World number one Tiger Woods of the United States defends his title - and hopes to add another Green Jacket to his wardrobe - when the first major tournament of the year - the Masters - tees off Thursday in Augusta, Georgia. As VOA's David Byrd reports, Woods will have to hold off the best in the game to win his 11th major title.

Woods won the tournament last year by beating compatriot Chris DiMarco in a playoff to take his fourth Masters title. Woods has won three times so far this year - at Dubai, Torrey Pines, and Doral.

Organizers have lengthened the Augusta National golf course by nearly 142 meters, making it the second-longest layout in professional golf. Woods says regardless of the changes it all comes down to accuracy on the undulating greens at Augusta National.

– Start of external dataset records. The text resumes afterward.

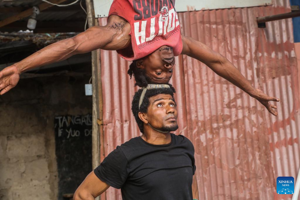 DAR ES SALAAM, 13 agosto, 2025 (Xinhua) -- Imagen del 11 de agosto de 2025 de estudiantes practicando un acto de equilibrio en pareja durante una sesión de entrenamiento de acrobacias, en Dar es Salaam, Tanzania. Veinte jóvenes tanzanos viajaron a China para aprender acrobacia, lo que se convirtió en un hito en la historia de los intercambios culturales entre China y Tanzania. Desde las heladas calles de Wuhan hasta los soleados campos de entrenamiento de Dar es Salaam, la historia de las acrobacias tanzanas continúa desarrollándose. (Xinhua/Emmanuel Herman)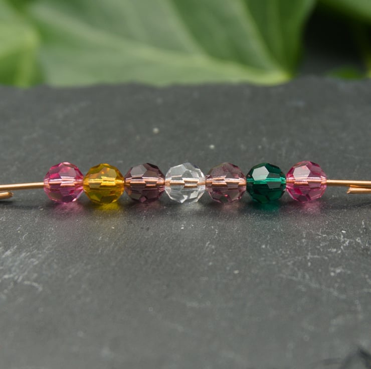Bracelet to be customised with seven Preciosa beads in birthstone colours as below (shown in third photo)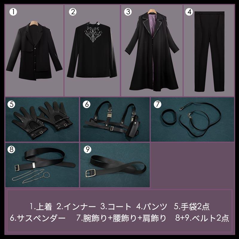コート、上着、インナー、パンツ、飾り物(手袋2点、サスペンダー、腕飾り、腰飾り、肩飾り、ベルト2点)
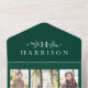 Envoyez des voeux de vacances uniques avec ce design de cinq photos avec un monogramme rustique et une photo de garde détachable et encadrable ! Un collage de photos constitue la partie principale de la carte avec un arrière - plan vert classique, et l'arrière de l'image perforée a beaucoup de place pour le texte personnalisé sur l'année ou toute salutation spéciale que vous souhaitez inclure.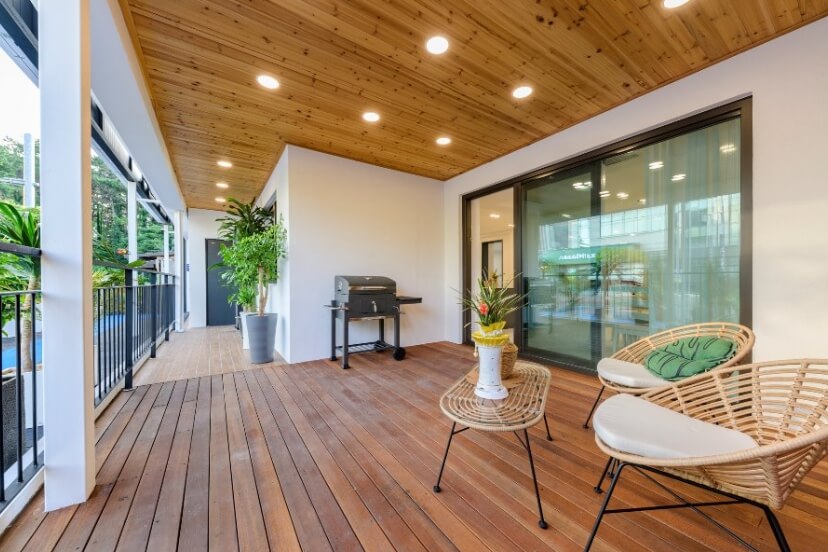 4층 펜트하우스는 49.80㎡(15.1평)의 다락과 140.1㎡(42.4평)의 옥상정원을 포함해 총 사용면적이 449.3㎡(136평)에 달하는 넓은 공간을 자랑합니다. 옥상 정원에서는 바다와 한라산의 탁 트인 경관을 감상할 수 있으며, 가족 및 친구들과 함께 바비큐 파티 등 여유로운 시간을 보낼 수 있는 완벽한 장소입니다.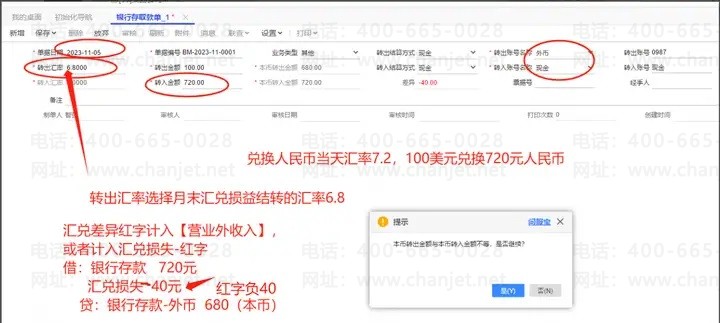 问题3:11月5号将美元兑换成人民币/当天汇率7.2元,要做【银行存取款单】调差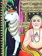 The painting subtly weaves in elements that carry deep cultural and mythological significance. The white cow, often depicted alongside revered saints, symbolizes purity, nourishment, and the sacredness of life, reminiscent of the Nandi bull, Lord Shiva's mount, and the divine bovine Kamadhenu. The presence of a banana bunch and fruits on a plate before the Guru signifies prosperity, abundance, and the offerings made to deities and holy men. These elements are not merely decorative but serve to underscore the Guru's benevolent nature and his role as a bestower of blessings. The intricate archway framing the scene evokes the grandeur of temple architecture, suggesting the divine abode and the sacred space occupied by the Guru.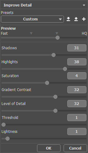 Adjust the settings to make muted colors more intensive and vivid and enhance image detail. Use the Preview option to preview the processing output. When you select the Fast mode, the calculation is fast based on the thumbnail image. When selecting HQ, the image takes longer to process in its original size.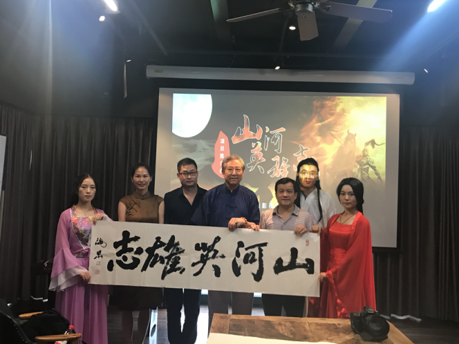 最后,由著名书法家宋玉生先生为《山河英雄志》献墨,苍劲有力的五个书名大字,将作品的厚重感表现出来,众嘉宾手持书法题字,共同开启签约仪式。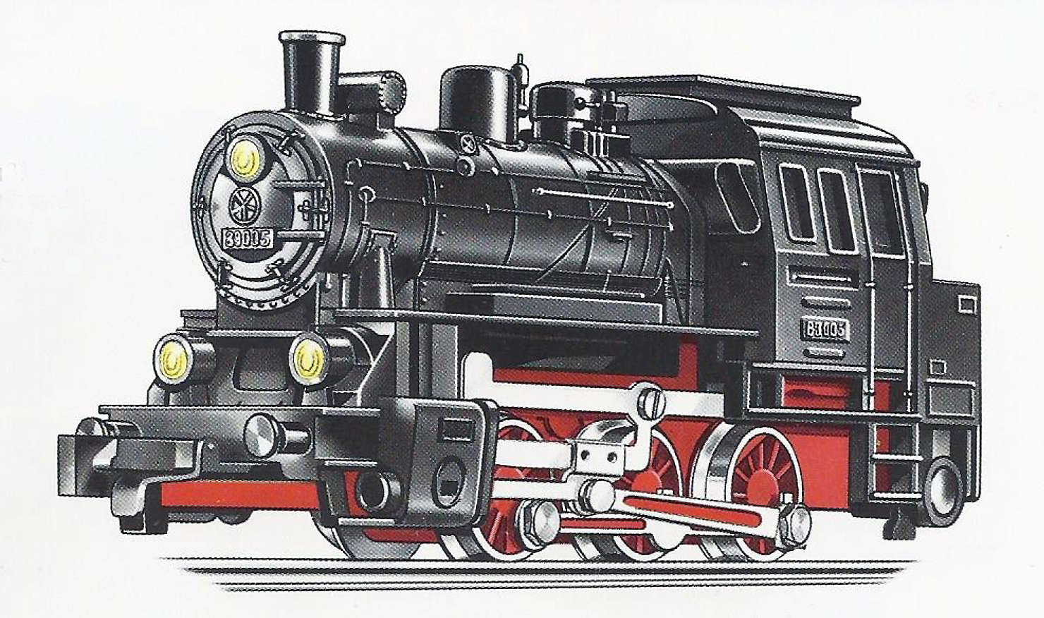 | parní lokomotiva černá s červeným pojezdem |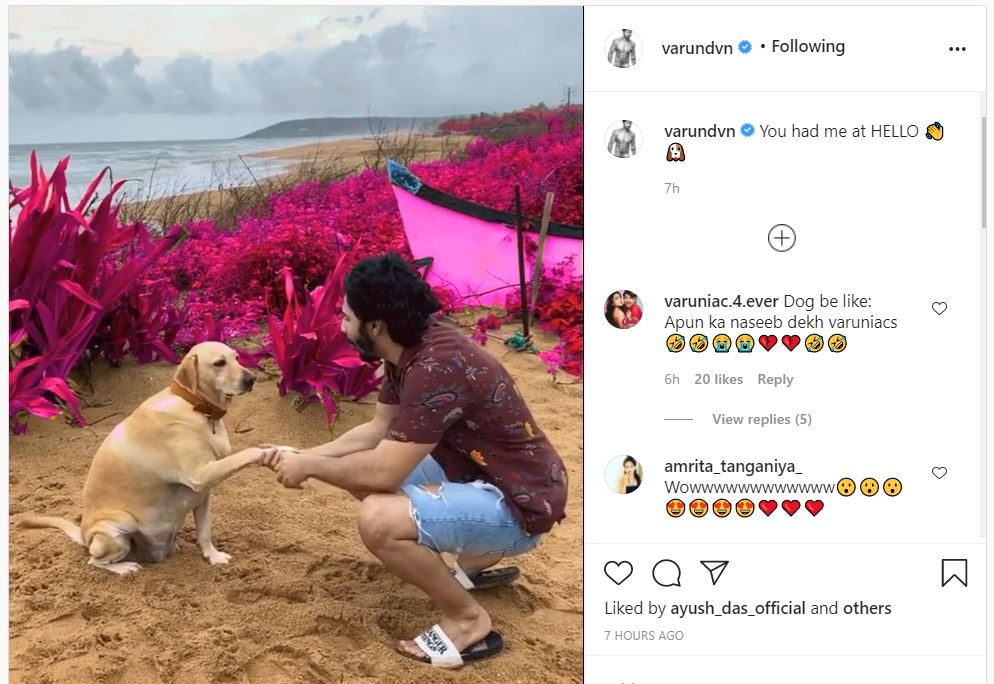 The 'Badlapur' actor posted a cute boomerang to Instagram where the actor is seen shaking hands with his four-legged friend. The short clip captured amid the picturesque view of a beach shows Varun sporting a casual look as donned a T-shirt and ripped denim shorts while he sat nearby the dog and shook hands with him.
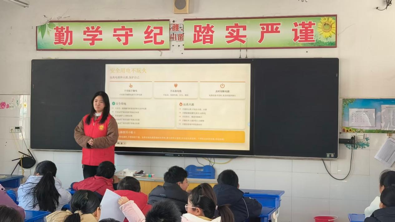 课堂上,志愿者窦文灿通过主题PPT,运用生动形象的图文与场景化讲解方式,紧扣小学生认知特点,围绕安全用电、防火防坠落、预防煤气中毒等寒假高频安全风险展开细致宣讲。她结合“不用湿手触碰电器”“不乱拉乱接电线”“不攀爬阳台栏杆”等日常行为规范,借助真实案例向同学们普及安全知识,让大家深刻认识到:安全是生活的永恒底线,隐患潜藏在家庭与社区的各个角落。一次不经意的疏忽,都可能引发严重后果,给个人、家庭乃至社会带来难以弥补的伤害。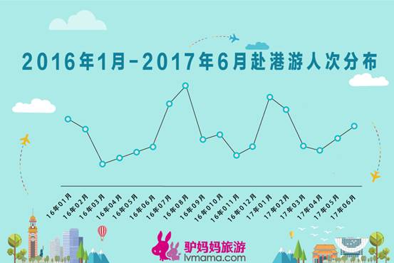 驢媽媽旅游網(wǎng)數(shù)據(jù)顯示,今年上半年,女性游客仍是赴港游的消費主力,占比高達57%;男性游客占比,近3年來顯著提升近10個百分點;2-12歲兒童的訂單占比,已經(jīng)從2015年的14%上漲至2017年的22%,說明越來越多的家庭游客青睞赴港旅游。從出游時間來看,每年的春節(jié)(1-2月)、暑期(7-8月)是赴港旅游高峰期。

"You have to putt. You have to be able to make putts," he said. "Not only that, you are going to have to make those big important par putts. Because now with the added length and as fast as this golf course is starting to get, you are going to have some putts or some chips that run out. And you got to make those putts."

Fiji's Vijay Singh will challenge Woods for this year's title. Singh has won three major tournaments - including the Masters in 2000. Two-time U.S. Open winner Retief Goosen of South Africa is in the field and is hoping to add the Masters to his two other wins so far this year. Goosen says he is just getting into form after taking some time off at the beginning of the season.

"It took me a while to get back into the swing of things. I feel like I am hitting it quite well right now," he said. "I worked quite hard on my game in the last month, so it is starting to pay off. Hopefully come Sunday again I can give myself a chance here at Augusta."

Woods also has to hold off 2004 winner Phil Mickelson of the United States who is fresh from his 13-stroke victory at the BellSouth Classic last week. The left-handed American fired a 28-under-par to win the tournament in Duluth, Georgia Sunday, but he says Augusta National will test any player.

"It is going to be very difficult," he said. "It is going to be a very tough test of golf now with the changes making it even more difficult. It is a very challenging golf course now."

If Tiger Woods wins this week, he would tie Walter Hagen for second on the all-time list with 11 major victories. That would also put him only seven major victories behind the all-time leader, Hall of Fame golfer Jack Nicklaus.